Летом мы часто гуляли в летнем саду. Мама, не доверяя ни няне, ни бонне, часто приезжала на извозчике и украдкой смотрела, как мы играем. Это было чаще в Таврическом саду.
Я очень не любила эти прогулки, — особенно зимой; мерзли руки и ноги, особенно, когда заставляли кататься на коньках. Но в наше старое время ослушаться не приходило в голову.
В четыре часа папа просыпался, вставал, одевался и ехал в Эртелев переулок, в редакцию «Нового времени»: потолковать о новостях, узнать, как идут его статьи в газете, поболтать с сотрудниками. Близких друзей у него в редакции не было. Главного сотрудника газеты — Меньшикова{10}, он недолюбливал и посмеивался над ним — за зонтик и калоши в любое время года, а также за статьи его об аскетизме, считая их фальшивыми. У Меньшикова был свой кабинет, у отца никогда не было. В редакцию отец всегда ездил на извозчике, для вида всегда торговался, — 15 или 20 копеек дать? Поговорит, посмеется и всегда даст больше. Отец очень любил шутить, болтать всякие пустяки, особенно с домашней прислугой, с извозчиками. Всегда расспросит: женат ли, сколько детей, отчего умерли родители, выслушает с интересом, и прибавит от себя какое-нибудь утешительное наблюдение нравоучительного характера. Домашняя прислуга его очень любила и говорила: «Барин — добрый, а барыня — строгая».
Если папа не уезжал в редакцию, то в четыре часа пили чай, а если уезжал — то в шесть часов подавался обед, а чаю уже не пили. Отец не смел опоздать на обед. Мама очень сердилась, говорила, что труд прислуги надо беречь и приходить во время. Папе очень попадало за опоздание к обеду. Когда мы совсем были маленькие, обед был в два часа дня, а в шесть часов — ужин. Помню в зимние дни ждем мы папу из редакции. Звонок, горничная идет открывать парадную дверь, мы, дети, гурьбой бежим к отцу навстречу. Мы рады, что он пришел.
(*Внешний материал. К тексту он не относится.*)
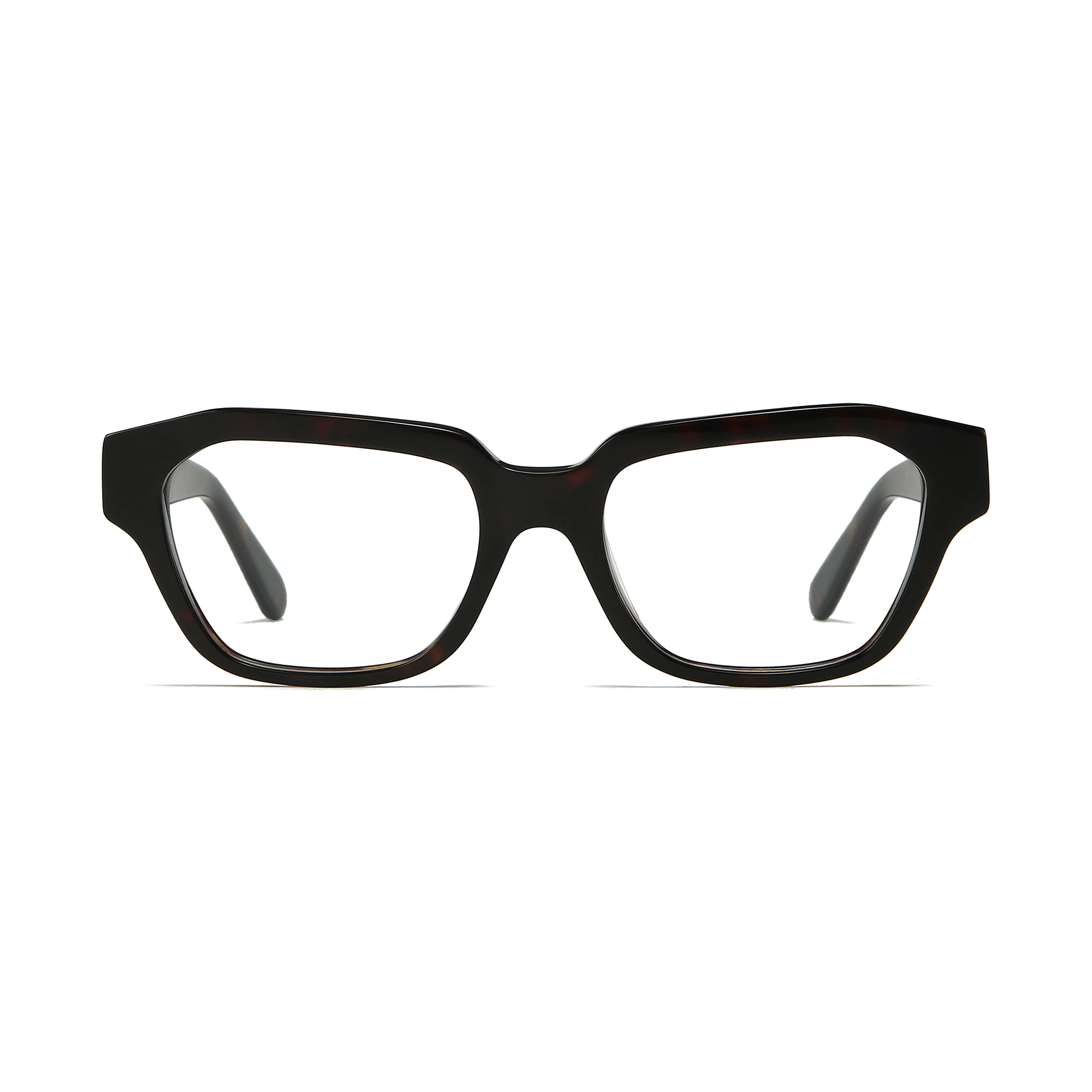 Bold diamond-shaped frames with chunky black tortoiseshell pattern for edgy sophistication. Lightweight acetate construction ensures style and comfort. These square dark tortoiseshell eyeglasses redefine modern vintage aesthetics.

Он пыхтит, шуба на нем тяжелая, на меху, барашковый воротник, руки у него покрасневшие от мороза, перчаток он не признает. «Это не дело, — говорит он, — ходить мужчине в перчатках». На ногах у него штиблеты и мелкие калоши. Лестница высокая — 5-й этаж, лифт когда работает, когда нет. Отец улыбается, целует нас детей, идет в столовую, подают миску со щами или супом, валит пар, и счастливая семья, перекрестясь, дружно усаживается за стол. Как я любила эти моменты — так уютно, тепло было в столовой после мороза, папа за столом рассказывает всегда что-нибудь интересное. Обед состоял из трех блюд. Щи или суп с вареным, черкасским мясом (часть мяса 1-го сорта). Мясо из супа обыкновенно ел только отец, и обязательно с горчицей, и очень любил первое блюдо. На второе подавалось: или курица, или кусок жареной телятины, котлеты с гарниром, изредка гусь, утка или рябчик, судак с отварными яйцами; на третье — или компот, или безе, или шарлотка; редко — клюквенный кисель.
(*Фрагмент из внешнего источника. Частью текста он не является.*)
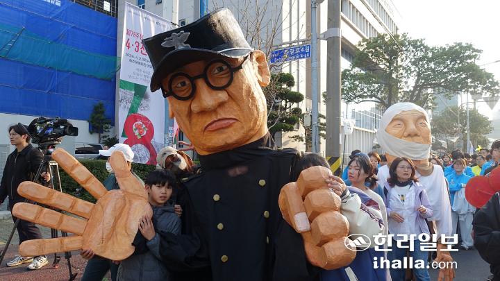 2일 개최된 4·3평화대행진에서 4·3의인 문형순 서장 인형탈을 쓴 참가자가 행진에 참여했다. 양유리기자

После обеда мы должны были играть в детской, а отец шел заниматься в кабинет, разбирать монеты или читать. Читал он в конце жизни мало, больше со средины книги, или с конца — уставал. Много прочитал серьезных книг смолоду. В кабинете у отца стояла большая вертящаяся полка с книгами по богословию, сектантству, а на высоком стеллаже стояли старинные фолианты книг на латинском и других языках, энциклопедисты XVIII века. Он хотел после своей смерти пожертвовать в Костромскую городскую библиотеку, откуда был родом, но разруха в революцию не дала осуществить эту мечту, да он с грустью говаривал: «Кто будет там читать, а я эти книги собирал, будучи бедным студентом, покупал на последние деньги у московских букинистов».
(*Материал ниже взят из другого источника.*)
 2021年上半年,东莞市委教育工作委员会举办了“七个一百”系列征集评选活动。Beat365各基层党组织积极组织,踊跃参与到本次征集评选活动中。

В трудное время сестра Надя продала их, не знаю кому, потом я очень об этом сокрушалась. Была еще полка с русскими, старинными книгами: Херасковым, Сумароковым, Ломоносовым и Карамзиным, все в старинных красивых переплетах. В кабинете у отца, на круглом столе красного дерева лежали хорошие книги по искусству. Были на полке у нас и чудный журнал «Старые годы», и журнал «Столица и усадьба», «Русские Пропилеи», много книг с автографами Гершензона, Мережковского и других писателей. Библиотека не сохранилась. В голодные годы отец их продал в Троице-Сергиевом посаде в книжный магазин Елова, и сестры во время голода потом тоже продавали книги. Последние хорошие книги я продала в Государственный литературный музей. Среди них были и книги Гершензона, и с интересным автографом «Оправдание добра» Вл. Соловьева. Был у нас и весь Леонтьев, стоял на полке с книгами русских писателей классиков: Достоевским, Толстым, Пушкиным, Лермонтовым, Гончаровым. Тургенев весь стоял в шкафу у сестры Али. В молодости я им зачитывалась.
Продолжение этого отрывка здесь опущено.